Сам сын резника, ко всему еще ветеринар-недоучка, Трауэр по этой части был наделен пылким воображением. Его суду все ясно. Включая последовательность, с какой был пущен в ход «золлинген», прихваченный из оружейной Марка Захаровича. А может, и сама подбривала у себя чего. Чего «сыновьям нельзя». Безумие бывает разной глубины, по поверхности судить трудно. Бывает, ноги промочишь. Бывает, по колено, по пояс, ну и выше головы. Нырять, мерить дно чужого безумия, которое тебя пользует – слуга покорный. Сговорилась с Сашкой «у Гаврилы». Обычное место дневных свиданий, в ночное время делить его не с кем, разве что с Державиным. На пике развратных действий отчикнула рукоять, которую сжимала, и сразу по горлу: уд и горло – сама уязвимость. Горло – не очень больно. Резник выпускает кровь долго, но не мучительно. Неподвижно вытаращенный глаз, в котором больше ужаса, чем муки. Татары в несколько рук держат барана, пока кто-то один причиняет ему смертоубийственную щекотку – бьется он считаные мгновения. Бритвой, правда, глубоко не зачерпнешь. Сперва сделался Никитишной-царевной: «ничего или очень мало». Это, наверное, как кипятком: в какую-то долю секунды не доходит, что кипяток, а когда из горла стало выплескиваться, как из раскачивающегося бурдюка, вторая секунда позабыла наступить. От хлещущего красного вина он быстро хмелеет, стоит, качаясь, тонкая рябина, опустился на колени, улегся калачиком. Ноги вращают велосипедные педали, дерг… дерг… Сорвалась цепь. Последняя агония за жизнь, такая же бесполезная, как сопротивление сотрудникам угро, окружившим воровскую малину на Подлужной. Сдавайся своей смерти, Сашка. Он уже не почувствовал, как кто-то, склонясь над ним, вложил ему в руку листок, написанный заранее.

Время, когда к самоубийцам относились по-божески, – девятнадцатый век. Однако на этом веке не сходится пиджак – так сильно живот выступает в двадцатый. Без трёпа: романтическое самоубийство – единственный выплеск буржуазного декаданса, который на протяжении всего нэпмановского десятилетия не пятнал большевистскую репутацию, не делал из «горлана-главаря» экзальтированную гимназистку. Высоковольтная линия электропередач в эпоху ГОЭЛРО тоже разит насмерть, поэтому ни о каком дезертирстве, ни о какой «могиле без креста» и речи нет. Не сифилис же! Хотя недоумение шевельнулось: не с чего было себе глотку перерезать. Но кому-то другому и подавно не было резону его – того. О ритуальных убийствах, как и о масонах, споры велись только в эмиграции. Позже имя Выползова всплыло в деле троцкистского центра, участников которого Вышинский требовал расстрелять, как бешеных собак. Но тогда до всесоюзной собачьей выставки было еще далеко.

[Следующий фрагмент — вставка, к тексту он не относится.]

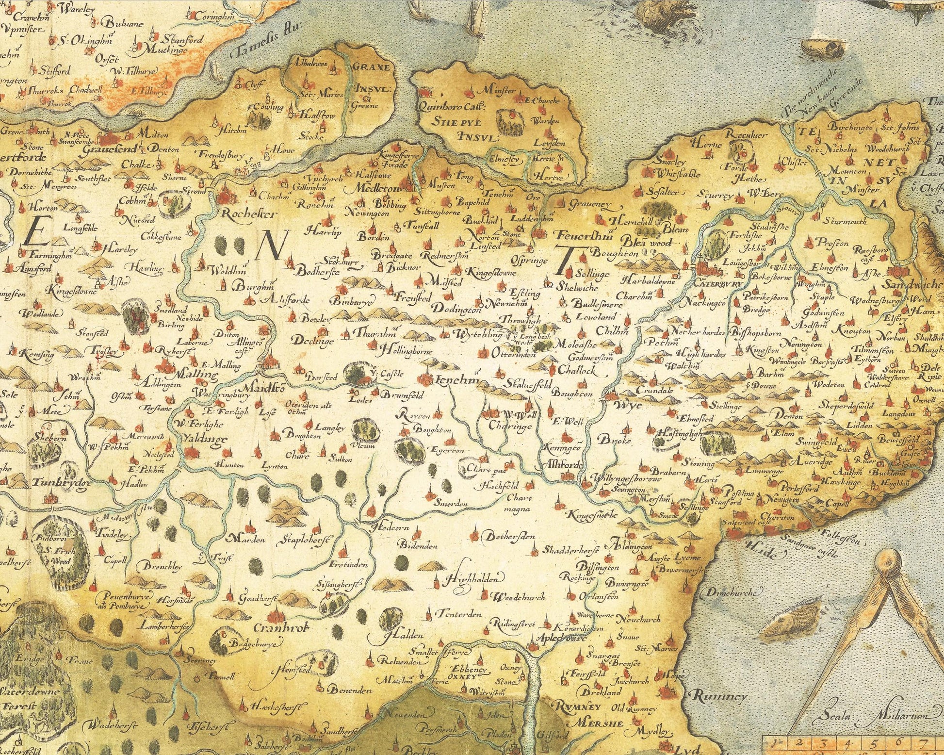 This is one of the earliest and most important English maps, covering the Southeastern part of England and dissected by the Thames River, with London prominently located near the top centre of the map. Embellished with sailing ships, sea monsters and an elaborate strapwork cartouche and scale of miles, it is among the most important 16th Century English maps.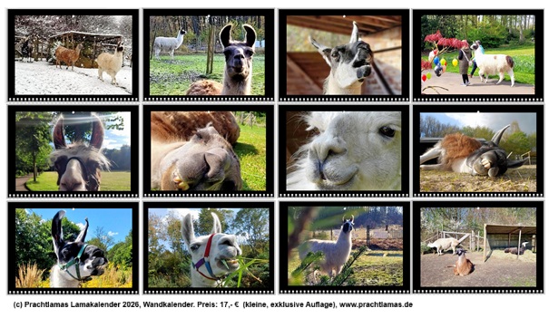 Wir freuen uns, Ihnen den neuen “Lamakalender 2026” hier vorzustellen! Der Wandkalender ist in kleiner Auflage gedruckt worden, also sehr exklusiv. Erfreuen Sie sich ein ganzes Jahr an unseren “Prachtlamas”.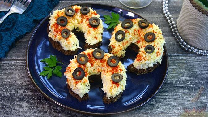 Бутерброды "Подкова" из черного хлеба с куриным филе, яйцами и сыром — это не только вкусно, но и символически, они отлично украсят новогодний стол в 2026 году. Такие аппетитные бутерброды станут ярким дополнением к вашему застолью. Продукты (на 6 порций) Хлеб черный - 6 ломтиков (230 г) Куриная грудка - 200 г Сыр твёрдый - 50-70 г Яйца - 2 шт. Майонез - 60 г Чеснок - 2 зубчика Маслины - 20 г Паприка копченая - 0,5 ч. ложки Соль - 1 ч. ложка Перец черный молотый - 0,4 ч. ложки Лавровый лист - 2 шт. #БутербродыСКурицей #БутербродыССыром #БутербродыСЯйцами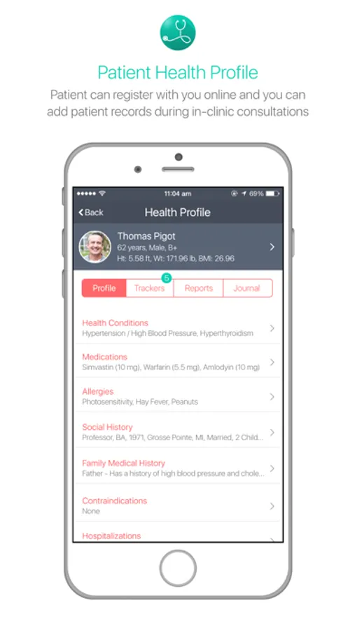 View details of their medications, health conditions, health trackers, medical test reports, allergies, surgeries & procedures, vaccinations and goals. Your patients can also access their own records through your Virtual Practice.

Это была с классовой точки зрения оправданная трагедия. Хоронили даже с превышением революционных заслуг. Выползову ну никак не полагалась плита в Черном Озере. Но в память вечной дружбы друзей не стали разлучать: пускай две тени погуляют по сумеречным полям, обнявшись за плечи, и одна поведает другой о том, что классовое самосознание сильнее любви.

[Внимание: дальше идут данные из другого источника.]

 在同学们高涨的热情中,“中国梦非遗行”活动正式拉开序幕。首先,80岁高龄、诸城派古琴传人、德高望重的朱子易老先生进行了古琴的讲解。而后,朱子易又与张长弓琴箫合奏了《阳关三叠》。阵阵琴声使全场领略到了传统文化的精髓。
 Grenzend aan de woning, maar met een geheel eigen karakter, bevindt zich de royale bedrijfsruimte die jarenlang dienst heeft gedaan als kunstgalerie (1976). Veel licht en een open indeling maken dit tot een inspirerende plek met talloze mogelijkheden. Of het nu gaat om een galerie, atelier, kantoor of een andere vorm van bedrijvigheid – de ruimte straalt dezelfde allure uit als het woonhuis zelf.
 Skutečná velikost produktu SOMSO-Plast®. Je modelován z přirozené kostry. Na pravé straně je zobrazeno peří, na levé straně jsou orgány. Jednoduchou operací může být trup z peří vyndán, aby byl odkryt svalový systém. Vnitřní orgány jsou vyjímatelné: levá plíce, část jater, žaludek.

На земле в приуготовление этой встречи теней делались эскизы кумачовых драпри. Но художники – оформители похорон лишь сохраняли видимость первых траурных мистерий: они первые, у кого за десять лет жирок нарос. В секции пиитов питомцы пролетарской музы испытывали себя на лапидарность, состязаясь в искусстве эпитафии, которую затем клинописцы высекут в камне «на зависть грядущим поколениям». Наивный духовой оркестр еще не натянул на себя ушанку кавычек, умиляя серьезностью, с какой исполнял «Этих дней не смолкнет слава, не померкнет никогда…». Это умиление еще предстоит, и оно – единственное, что уцелеет как актуальный художественный прием, оставив далеко позади Петрова-Водкина с его «Смертью комиссара».